Fast track to giving away your power
Assertiveness and the self respect you have to cultivate to exercise it has been a common conversation topic with friends and family. Not being afraid to ask, not being afraid to speak up and most importantly not fearing a negative reaction to your self respecting boundary setting.
I learned an important lesson about how giving into anger, even if it is just in thought, can override any ability to express appropriate assertiveness or self respect. A few hours before my daughter had to catch a plane home, I went to the local bakery to get some scones for a farewell afternoon tea. Approaching the bakery, I could hear a child screaming. As I got closer, I could see a mother (who was virtually blocking the bakery entrance) attempting to placate her screaming toddler with indulgent bribes. The more bribery she offered, the louder the screams. It was clear who ruled this relationship and it wasn’t the adult. When I got inside, I had to speak above the screaming going on outside to order my scones.
As the girl behind the counter placed my third and final scone in the bag, the mother and son walked into the shop. The mother interrupted the girl who was about to tell me how much I owed, with ‘Can I please be served now, I have a very sick boy here?’. The young girl went right to the woman, leaving me to wait to finish the transaction. I stood there part in shock and part trying to decide how to respond. As the anger welled up inside me, I considered uncharacteristically lashing out with ‘Well, if he’s so sick, why do you have him here in public, spreading germs to us all?’ or just the ‘I can’t believe how rude you are’. I didn’t say anything, but stood there fuming with many retorts running through my mind as the mother droned on and on with queries about the bread, allergies, even throwing in her aversion to plastic bags. Her continued apology to the girl behind the counter, without as much as a glance to me further fueled my anger at the consequences to me of this woman’s ‘I’m the only one in the world’ apparent approach to life. Note to self: big clue why child’s reflex response to ‘not now’ is a tantrum.
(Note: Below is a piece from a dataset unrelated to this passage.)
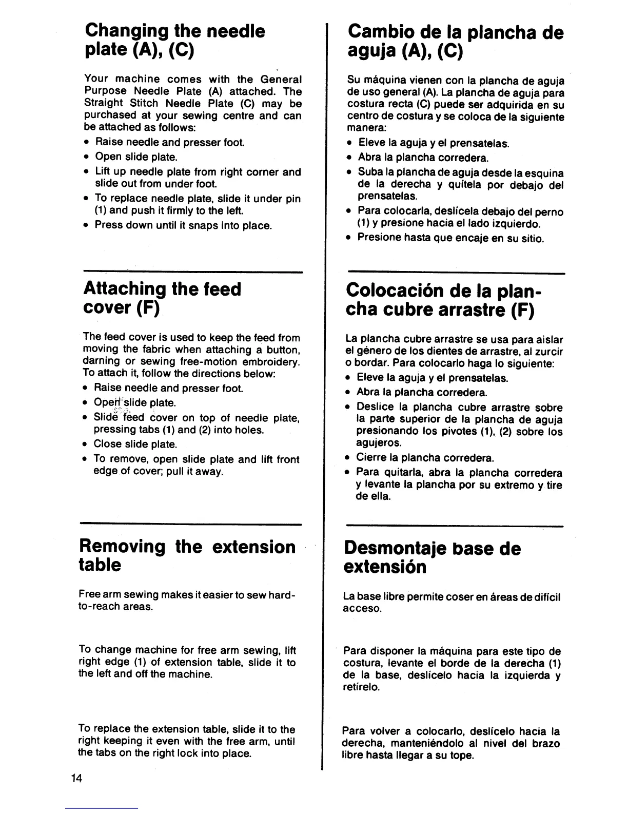 Singer 5705 - Changing the Needle Plate; Attaching the Feed Cover; Removing the Extension Table

I finally finished my transaction. Driving home, I thought about the recent conversations about the importance of assertiveness that demonstrates self respect. Where had I gone wrong? Then it hit me! My anger is what let me down. If I had not wasted energy being angry at the woman, I could have assertively, but politely said in response to her ‘Wait on me now’ demand, ‘She’s almost finished with me and I have to get my daugther to the airport’. I bet the outcome would have been very different.